Here a picture of what a typical reviewer assignment page looks like. Can we do something graphical that is better?

One potential research questions on the peer-review topic is, thus:

  • Who would be a good reviewer for a given paper?

Understanding Individual Researchers

The community of visualization is extremely divers with people working on many different topics over a number of years. Given the publications of a specific researcher there are a number of interesting things we can learn about them: their history, their (changing)interests, their social network, their expertise, etc.

This is what google scholar displays for a researcher's profile. Can we provide better overviews?

One potential research question this topic is, thus:

  • What does a researcher's research track and environment look like?
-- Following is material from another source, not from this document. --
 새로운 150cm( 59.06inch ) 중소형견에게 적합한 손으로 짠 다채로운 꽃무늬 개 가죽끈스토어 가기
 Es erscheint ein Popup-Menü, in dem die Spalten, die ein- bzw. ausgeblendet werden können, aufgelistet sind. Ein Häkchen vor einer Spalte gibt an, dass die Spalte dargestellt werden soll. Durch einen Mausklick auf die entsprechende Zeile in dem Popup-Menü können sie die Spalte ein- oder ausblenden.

Understanding the Field of Visualization

Visualization is an extremely divers area of research with various influences. A recent paper has attempted to understand the field based on the keywords provided with this dataset. However, there are many other ways in the dataset can help us understand what the field looks like. For example:

  • a similar analysis but looking at paper titles and/or abstracts,
  • a more in-depth analysis on temporal evolution of the field (e.g. the researchers joining and leaving, topics trending and declining, ...)
  • the evolution of the individual sub-conferences Vis/SciVis, InfoVis, and VAST

Here an example of a keyword co-occurrence map. What other graphics can be provide to help understand the Visualization community:

Potential research questions on this topic is, thus:

  • What are current and/or historic trends in the Visualization community?
  • How can we best describe the work conducted in the community?

Supporting Paper Writing

When writing a scientific paper, it is important to have an up-to-date background section in which the most important related articles can be found. Our dataset could be a good source for finding relevant related work.
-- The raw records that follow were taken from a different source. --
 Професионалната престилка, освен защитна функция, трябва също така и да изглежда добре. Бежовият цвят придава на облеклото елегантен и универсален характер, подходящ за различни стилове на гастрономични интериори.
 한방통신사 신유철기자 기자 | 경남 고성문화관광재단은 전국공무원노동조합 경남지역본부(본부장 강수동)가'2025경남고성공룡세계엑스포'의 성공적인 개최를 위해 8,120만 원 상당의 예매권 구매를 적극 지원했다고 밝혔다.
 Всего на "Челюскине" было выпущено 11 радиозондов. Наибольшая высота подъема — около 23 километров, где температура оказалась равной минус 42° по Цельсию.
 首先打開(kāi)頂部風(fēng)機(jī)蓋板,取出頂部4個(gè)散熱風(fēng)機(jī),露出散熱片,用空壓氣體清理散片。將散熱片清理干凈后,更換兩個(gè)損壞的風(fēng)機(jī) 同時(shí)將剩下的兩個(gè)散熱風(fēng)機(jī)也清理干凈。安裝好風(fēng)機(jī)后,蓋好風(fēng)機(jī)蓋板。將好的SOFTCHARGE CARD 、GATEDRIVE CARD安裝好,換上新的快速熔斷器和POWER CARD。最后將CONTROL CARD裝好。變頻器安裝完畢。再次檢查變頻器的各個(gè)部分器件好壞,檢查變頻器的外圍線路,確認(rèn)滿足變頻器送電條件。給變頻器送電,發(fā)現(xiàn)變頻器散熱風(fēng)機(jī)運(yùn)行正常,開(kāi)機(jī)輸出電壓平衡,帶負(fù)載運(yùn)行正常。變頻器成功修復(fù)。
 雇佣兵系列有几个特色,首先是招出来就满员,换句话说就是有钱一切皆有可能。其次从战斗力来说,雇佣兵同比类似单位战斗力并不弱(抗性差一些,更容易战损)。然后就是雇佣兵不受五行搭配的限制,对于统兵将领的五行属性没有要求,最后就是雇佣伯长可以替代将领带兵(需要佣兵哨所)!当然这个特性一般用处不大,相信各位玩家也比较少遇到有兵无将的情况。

Here an example extract of a related work section. The numbers in brackets refer to papers listed at the end of the paper in the bibliography section:

One potential research question on this topic is, thus:

  • What are the most important related papers on a given topic? Can we suggest relevant literature by going beyond a simple text search on keywords, titles, and texts?
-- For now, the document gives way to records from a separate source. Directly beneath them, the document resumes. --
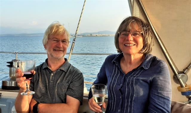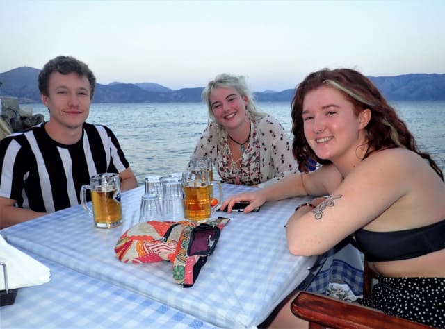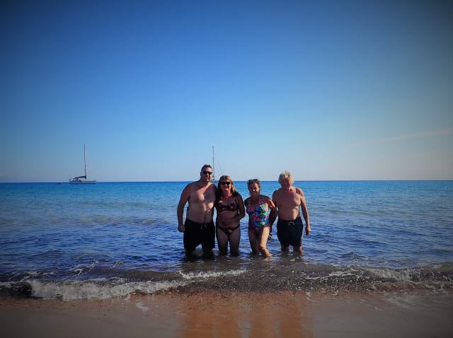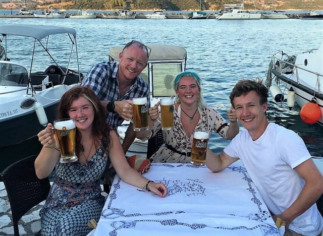 Although they opted for apartments in Ligia and in Preveza, rather than sleeping on “Owl and Pussycat” we were able to meet in the evenings between their quiet beach or pool days and our sailing.
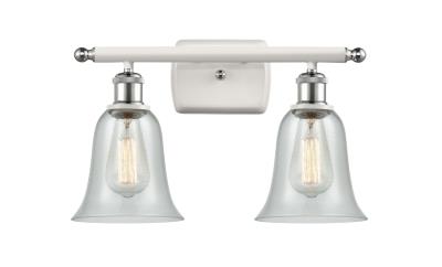 INNOVATIONS LIGHTING 516-2W-WPC-G2812 Hanover 2 Light Bath Vanity Light part of the Ballston Collection. The Hanover 2 Light Bath Vanity Light is part of the Ballston Collection. Collection: Ballston. Material: Steel, Cast Brass, Glass. Accent Color: Polished Chrome. Metal Finish(Body): White and Polished Chrome. Metal Finish(Canopy/Backplate): White. Dimension(in): 16(W) x 13(H) x 7.5(Ext). Bulb: (2)100 Medium Base Vintage Bulb recommended(Not Included). Voltage: 120. Glass: Fishnet Hanover/Colorful. Shade Shape: Bell. Shade Material: Glass. Shade Size(in): 6.25 X 8. Shade Fitter Measurement: Neckless with a 2.125 inch Hole. Backplate Dimension(in): 4.5x6x0.75. Fixture can be hung with bulbs facing up or down. UL/CUL Damp Rated. Warranty: 2 Year Finish, Lifetime Electrical.
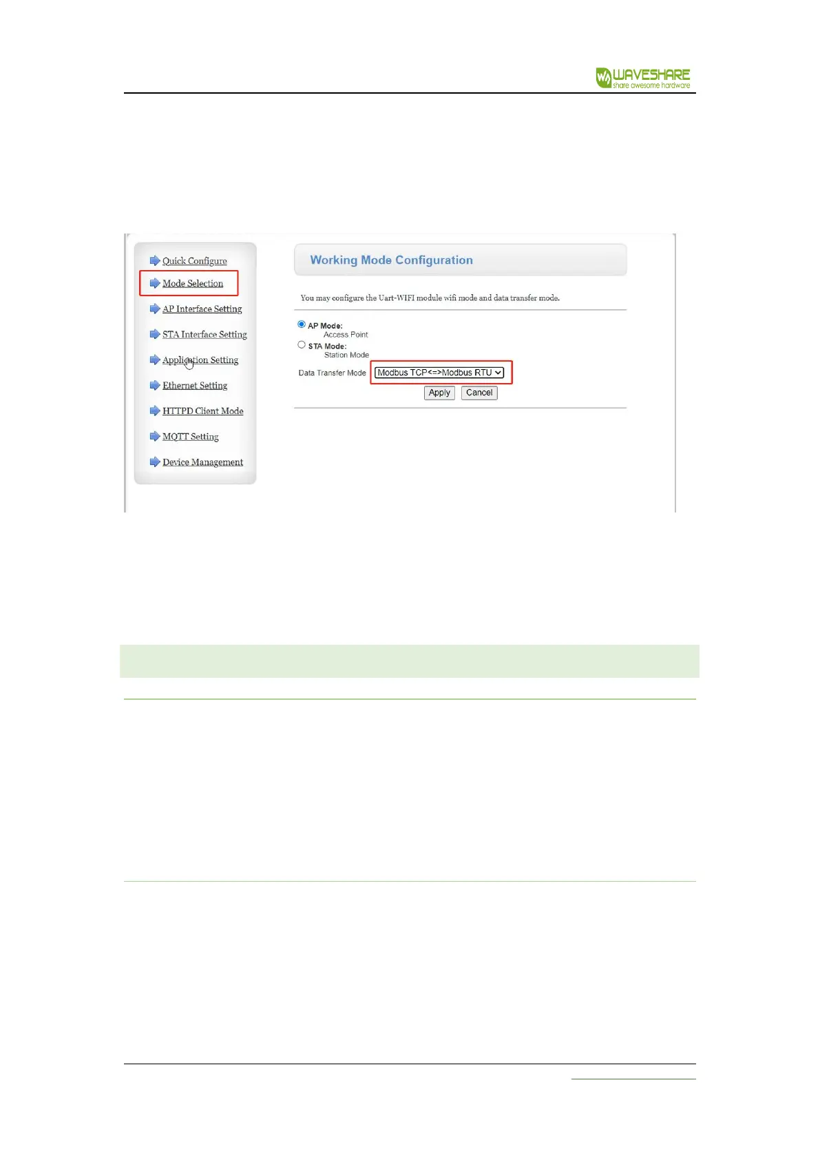 AT+TMODE=modbus
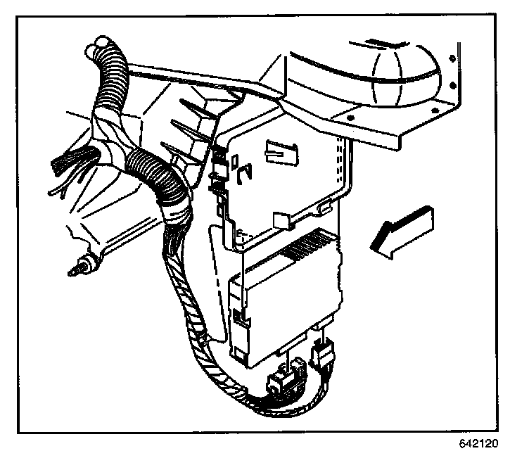 4. Push the BCM up and move the bottom of the BCM away from and out of the mounting bracket slot in order to remove the BCM.
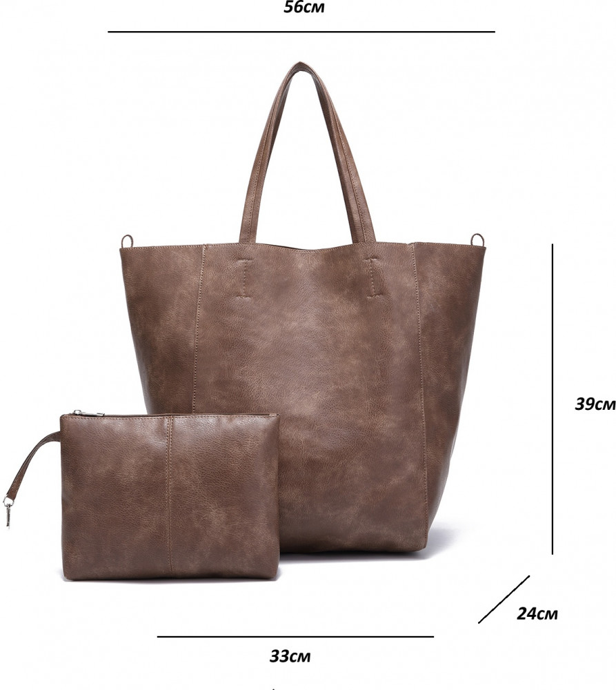 Комплект из большой сумки-тоут и косметички — универсальная сумка на каждый день. Подходит для женщин и для мужчин. Эта вместительная сумка-тоут сочетает в себе стиль, функциональность и практичность. Выполненная из прочного материала с приятной текстурой, она идеально подойдёт для разных жизненных ситуаций: работы, деловых встреч, прогулок, покупок и учёбы. Высококачественная экокожа, уникальный и лаконичный дизайн позволяют легко комбинировать сумку с любым гардеробом — от повседневного до офисного.
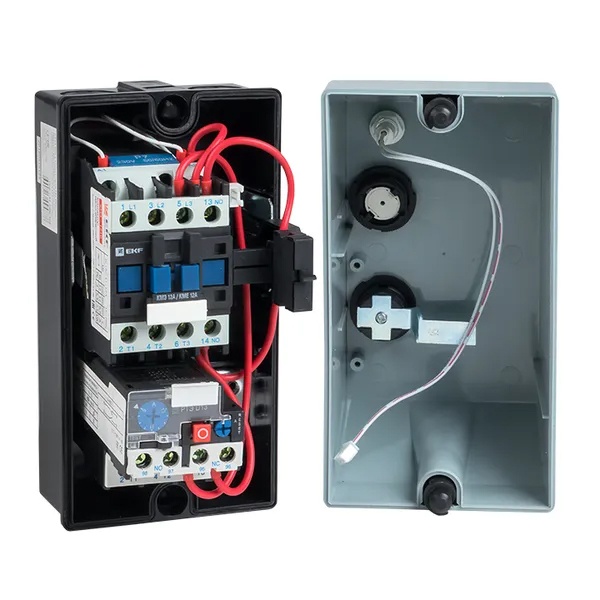 Магнитный пускатель КМЭ серии EKF PROxima представляет собой полностью укомплектованное устройство, включающее малогабаритный контактор КМЭ, тепловое реле РТЭ, корпус с сальниками для ввода кабелей и кнопки управления. Это оборудование предназначено для дистанционного управления запуском и остановкой трехфазных асинхронных электродвигателей с короткозамкнутым ротором при переменном напряжении до 400 В. Пускатели эффективно защищают электродвигатели от длительных перегрузок и сверхтоков, которые могут возникать, например, при обрыве одной из фаз, обеспечивая надежность и безопасность работы оборудования.

Supporting Conference Organization

The IEEE VIS conference is organized by a huge number of people who serve in various committees. One of these committees is called the program committee. The program committee includes a large number of people who serve as the primary reviewer for a number of papers (usually about 7 per person) submitted to the conference. The primary reviewer is a particularly important reviewer as he/she makes the final recommendation to the papers chairs about accepting or rejecting a submitted paper. As such, the program committee is made up of people who have published a number of papers at the conference already and, thus, have experience in the domain. However, building a program committee is not an easy task as a number of factors need to be balanced. Ideally you would like to have people:

  • with at least three years of expertise in the field (based on publications)
  • who are from a variety of affiliations
  • who are a mix of male and female
  • and who represent a variety of research topics

Here a picture showing a subset of the people on the IEEE InfoVis 2016 program committee:

One potential research question on this topic is, thus:

  • What would be a recommended program committee based on the publication data. Note that InfoVis, SciVis/Vis, and VAST each have separate program committees.

Understanding Citation Behavior

Each scientific paper includes a list of references at the end. In our dataset we have listed a set of references to other IEEE VIS papers in the dataset. It would be interesting to understand general citation behavior, such as is there an influence on time, affiliation, or authors and co-authors on which papers are cited?

For an example of a related project check ut CitNetExplorer:

One potential research question on this topic is, thus:

  • What are typical citation patterns for IEEE VIS papers

Tableau Assignment

In this assignment you will be doing exploratory data analysis on the dataset you have been assigned. In particular you will be focusing on graphical summaries of the dataset. Using graphical summaries your goal is to describe characteristics of the dataset.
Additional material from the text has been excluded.